A lawyer and historian by training, my research lies at the intersection of international law, international relations and transitional justice. I specialize in public international law, international criminal law and peacekeeping, with a regional focus on Africa and the Middle East. My research is informed by a decade of practice and fieldwork in these two regions. I am also interested in research methods and the role of academic expertise in public policy-making.
I have published widely in journals and edited volumes, and I am a regular contributor to leading international law blogs EJIL:Talk! and Opinio Juris. My first book is forthcoming with Oxford University Press.
My postdoctoral research, which is supported by the Swiss National Science Foundation, examines the law and practice of resorting to lethal and non-lethal force to protect civilians in peacekeeping. The project analyzes the legal authority of UN peacekeepers to kill, capture and detain on the basis of Security Council resolutions, the Responsibility to Protect doctrine and the bodies of law that regulate the use of force: the jus ad bellum, international humanitarian law, international human rights law and self-defence and defence of others norms.
My expertise in international criminal law builds on several years of practice in Africa. I employ a mix of doctrinal and social science methods to study the impact of legal institutions in conflict-affected societies. A monograph (Oxford University Press, 2020) based on my PhD examines how international criminal tribunals influence domestic accountability. I use process-tracing and interviews (over two hundred in Sierra Leone, Rwanda, the Democratic Republic of Congo and The Hague) to establish causality between international norms and policies and governmental decisions to hold accountable perpetrators of serious crimes.
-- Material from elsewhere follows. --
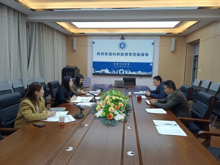 张继刚院长首先对杨鑫、童丹丹副院长一行的到来表示热烈欢迎和衷心感谢,并简要介绍了学院近年在科研领域取得的主要成果及未来发展的方向。院长表示,学院始终坚持以科研为驱动,充分调动教师作科研的积极性和主动性,在论文发表、项目申报、著作出版方面多用力,努力提升科研水平和影响力。郝振宇副院长从项目申报的基本情况、论证情况、激励政策、培育计划和问题困难几个方面作了汇报。

This research challenges conventional wisdom about the effectiveness of international intervention in the aftermath of mass atrocity, and proposes forward-looking strategies to address impunity through the International Criminal Court and beyond.
I continue my research on the history of international criminal law, with a focus on late nineteenth century and early twentieth century doctrinal debates about war crimes and crimes against humanity.
My research seeks to engage with international legal questions from a variety of perspectives, including politics, history, international relations theory, and with the help of innovative research methods.